Five years goes very quickly and in March 2016, I called our migration agent to see if we could extend it. She was surprised we hadn’t gone and explained in no uncertain terms that it was ‘now or never’.
That was a mixed emotion period. We had a lovely life in the UK, but there was a pull to go to Australia. Samson was 9 at the time, Heather was up for the adventure and so we disrupted our entire a life and moved to the other side of the world landing in Sydney on August 12th, two days before our visa expired.
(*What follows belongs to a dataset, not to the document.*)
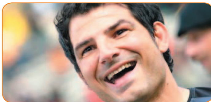
Marc Lièvremont, nommé à la tête du XV de France.

Quoi qu'il en soit, l'avenir de l'équipe de France repose dans les mains plus ou moins novices de ces deux entraîneurs. Pourquoi donner les rênes du XV de France à deux hommes non-initiés au très haut niveau ? La version officielle voudrait que Jean-

I knew 9 people in Sydney, didn’t have a job and had a massive internal struggle to comprehend what we were doing. It turned out to be a good decision. Sometimes you need to shake things up to experience new growth and that’s what’s happened. Two days after I landed in Sydney, I met Luke Baylis, the CEO and Founder of Sumosalad, who just happened to looking for a CMO with a passion in health and wellness. If ever a role had my name on it, this one did.
Living and working in Australia has connected all of the dots in my life. I’m now working in wellness, food and technology, leveraging all of my knowledge, skills and experience of the past, connecting people together across geographies and living on my purpose: to be a force for good and do work that feeds the minds, bodies and souls of myself and other.
I feel blessed to be living this life, and blessed to have shared this life with my soul mate, Heather, who came into my life when we were just 16 years of age and has been by my side ever since.
Today, based in Sydney, I coach and consult with leaders and entrepreneurial spirits around the world, helping them to fuel greatness in their organisations, their communities and themselves.